(WHAT IS NEEDED):
From the first record below to the last, retype each one exactly.

»»

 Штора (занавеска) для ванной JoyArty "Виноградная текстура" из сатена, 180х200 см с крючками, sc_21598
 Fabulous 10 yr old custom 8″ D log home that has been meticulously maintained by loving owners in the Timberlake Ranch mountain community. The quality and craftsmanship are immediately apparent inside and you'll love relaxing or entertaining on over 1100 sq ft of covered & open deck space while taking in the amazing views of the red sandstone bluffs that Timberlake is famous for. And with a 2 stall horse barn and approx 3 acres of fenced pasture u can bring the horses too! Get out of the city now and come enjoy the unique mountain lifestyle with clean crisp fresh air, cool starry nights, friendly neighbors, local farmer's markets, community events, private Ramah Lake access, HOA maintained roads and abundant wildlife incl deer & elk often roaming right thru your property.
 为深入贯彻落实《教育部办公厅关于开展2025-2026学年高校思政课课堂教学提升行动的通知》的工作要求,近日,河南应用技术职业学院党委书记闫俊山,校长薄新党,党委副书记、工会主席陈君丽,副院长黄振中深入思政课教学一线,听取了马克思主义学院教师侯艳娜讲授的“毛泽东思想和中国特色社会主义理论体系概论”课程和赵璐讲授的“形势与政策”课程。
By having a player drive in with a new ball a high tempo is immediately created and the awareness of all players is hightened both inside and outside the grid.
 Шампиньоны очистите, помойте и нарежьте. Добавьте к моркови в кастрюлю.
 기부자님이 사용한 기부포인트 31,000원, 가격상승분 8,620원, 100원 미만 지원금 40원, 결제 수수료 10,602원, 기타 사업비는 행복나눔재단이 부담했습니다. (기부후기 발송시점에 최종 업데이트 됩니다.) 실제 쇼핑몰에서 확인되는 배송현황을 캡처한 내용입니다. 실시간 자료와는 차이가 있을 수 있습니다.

««

(SOLUTION TO THIS TASK):
 Штора (занавеска) для ванной JoyArty "Виноградная текстура" из сатена, 180х200 см с крючками, sc_21598
 Fabulous 10 yr old custom 8″ D log home that has been meticulously maintained by loving owners in the Timberlake Ranch mountain community. The quality and craftsmanship are immediately apparent inside and you'll love relaxing or entertaining on over 1100 sq ft of covered & open deck space while taking in the amazing views of the red sandstone bluffs that Timberlake is famous for. And with a 2 stall horse barn and approx 3 acres of fenced pasture u can bring the horses too! Get out of the city now and come enjoy the unique mountain lifestyle with clean crisp fresh air, cool starry nights, friendly neighbors, local farmer's markets, community events, private Ramah Lake access, HOA maintained roads and abundant wildlife incl deer & elk often roaming right thru your property.
 为深入贯彻落实《教育部办公厅关于开展2025-2026学年高校思政课课堂教学提升行动的通知》的工作要求,近日,河南应用技术职业学院党委书记闫俊山,校长薄新党,党委副书记、工会主席陈君丽,副院长黄振中深入思政课教学一线,听取了马克思主义学院教师侯艳娜讲授的“毛泽东思想和中国特色社会主义理论体系概论”课程和赵璐讲授的“形势与政策”课程。
By having a player drive in with a new ball a high tempo is immediately created and the awareness of all players is hightened both inside and outside the grid.
 Шампиньоны очистите, помойте и нарежьте. Добавьте к моркови в кастрюлю.
 기부자님이 사용한 기부포인트 31,000원, 가격상승분 8,620원, 100원 미만 지원금 40원, 결제 수수료 10,602원, 기타 사업비는 행복나눔재단이 부담했습니다. (기부후기 발송시점에 최종 업데이트 됩니다.) 실제 쇼핑몰에서 확인되는 배송현황을 캡처한 내용입니다. 실시간 자료와는 차이가 있을 수 있습니다.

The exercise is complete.